A total of 8% (16/202) of Nuplazid 34 mg-treated patients and 4% (10/231) of placebo-treated patients discontinued because of adverse reactions. The adverse reactions that occurred in more than one patient and with an incidence at least twice that of placebo were

• hallucination (2% Nuplazid vs. <1% placebo),
• urinary tract infection (1% Nuplazid vs. <1% placebo), and
• fatigue (1% Nuplazid vs. 0% placebo).

Adverse reactions that occurred in 6-week, placebo-controlled studies and that were reported at an incidence of ≥2% and >placebo are presented in Table 1.

Table 1 Adverse Reactions in Placebo-Controlled Studies of 6-Week Treatment Duration and Reported in ≥2% and >Placebo

Adverse Reactions In Demographic Subgroups

Examination of population subgroups in the 6-week, placebo-controlled studies did not reveal any differences in safety on the basis of age (≤75 vs. >75 years) or sex.

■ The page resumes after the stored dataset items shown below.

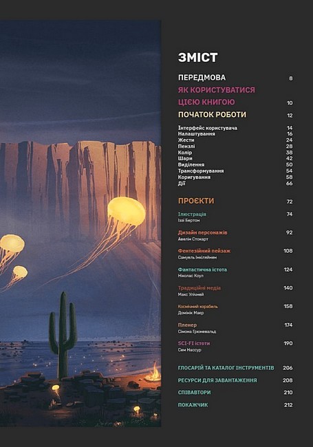 Завдяки зрозумілим покроковим інструкціям, практичним порадам і надихаючим прикладам, ви навчитеся створювати приголомшливі зображення, навіть якщо тільки починаєте свій шлях у малюванні. У книзі є розділи присвячені налаштуванням, жестам, роботі з шарами та кольором, дизайну персонажів, створенню фентезійного пейзажу, фантастичних істот та багато іншого. Крім того, ви тут знайдете безліч посилань та ресурсів для подальшого професійного розвитку. А завдання та вправи допоможуть закріпити отримані знання.
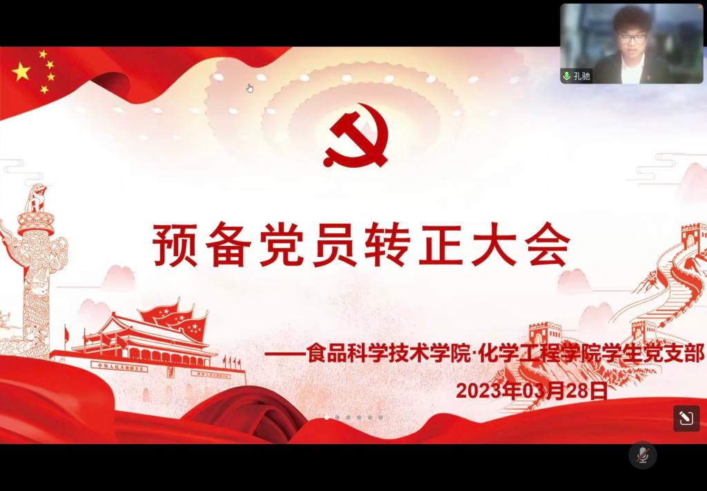 (食品·化工学院 通讯员 唐樱)3月28日晚上6:30,食品·化工学院学生党支部通过腾讯会议召开预备党员转正大会,学院党委副书记刘向东及全体学生党员、预备党员参加会议。
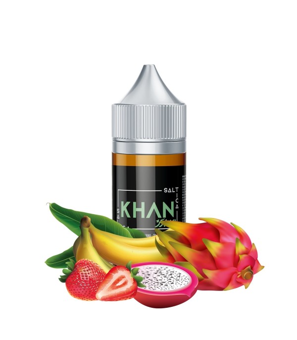 Saltica Khan Salt Likit ile egzotik ejder meyvesi, taze çilek ve lezzetli muzun efsane karışımının keyfini çıkarın. Benzersiz ve doyurucu bir elektronik sigara deneyimi!

Because the study population was predominantly Caucasian (91%; consistent with reported demographics for PD/PDP), racial or ethnic differences in the safety profile of Nuplazid could not be assessed.

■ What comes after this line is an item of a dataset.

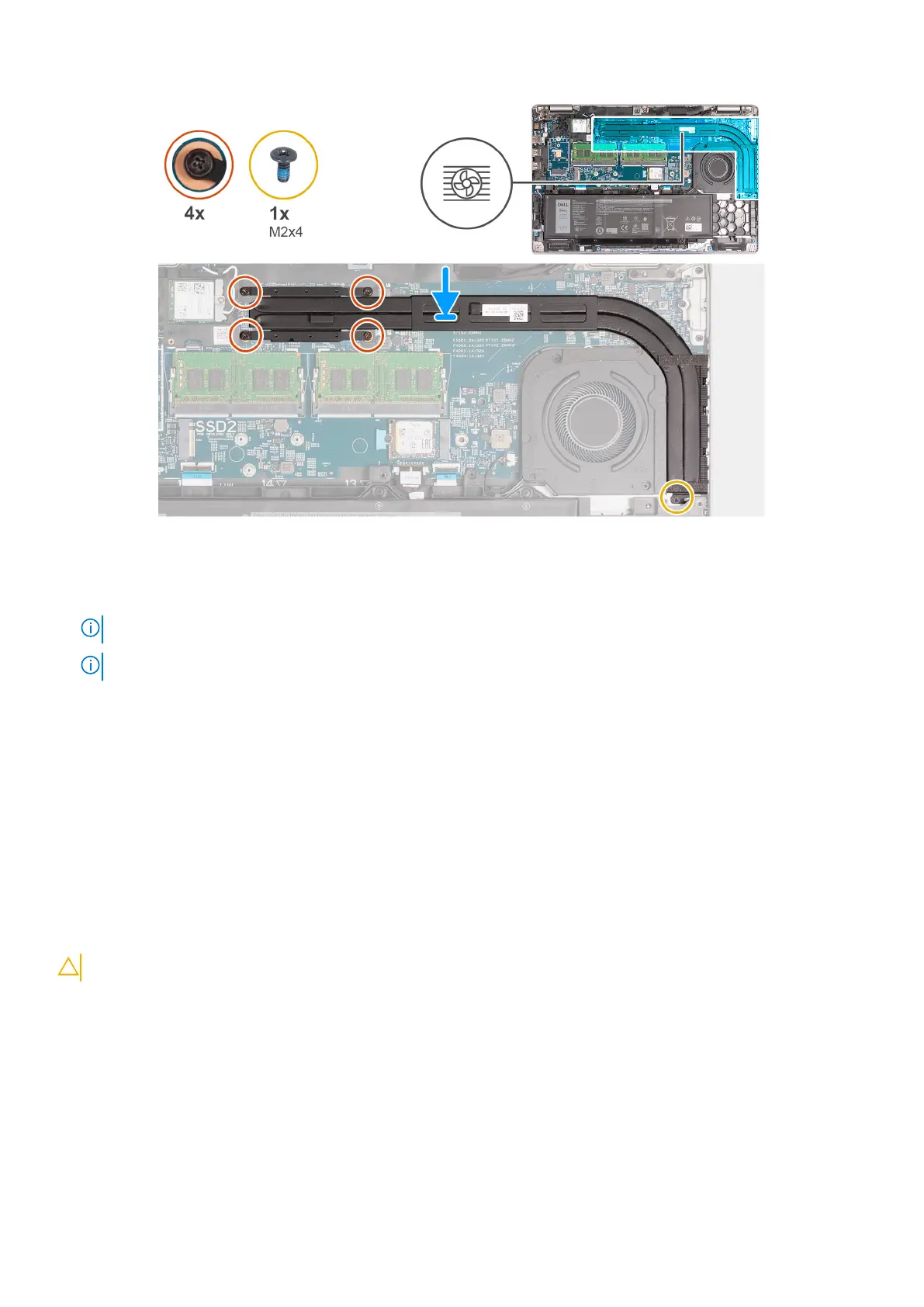 3. Replace the screw (M2x4) that secures the heat sink to the system board.

In addition, in the 6-week, placebo-controlled studies, no clinically relevant differences in the incidence of adverse reactions were observed among those with a Mini-Mental State Examination (MMSE) score at entry of <25 versus those with scores ≥25.

Postmarketing Experience

The following adverse reactions have been identified during postapproval use of Nuplazid. Because these reactions are reported voluntarily from a population of uncertain size, it is not always possible to reliably estimate their frequency or establish a causal relationship to drug exposure.

These reactions include

• rash,
• urticaria,
• reactions consistent with angioedema (e.g., tongue swelling, circumoral edema, throat tightness, and dyspnea),
• somnolence,
• falls,
• agitation, and
• aggression.

Drugs Having Clinically Important Interactions With Nuplazid

Table 2 Clinically Important Drug Interactions with Nuplazid

Drugs Having No Clinically Important Interactions With Nuplazid

Based on pharmacokinetic studies, no dosage adjustment of carbidopa/levodopa is required when administered concomitantly with Nuplazid.

Drug Abuse And Dependence

Controlled Substance

Nuplazid is not a controlled substance.

Abuse

Nuplazid has not been systematically studied in humans for its potential for abuse, tolerance, or physical dependence.

While short-term, placebo-controlled and long-term, open-label clinical trials did not reveal increases in drug-seeking behavior, the limited experience from the clinical trials do not predict the extent to which a CNS-active drug will be misused, diverted, and/or abused once marketed.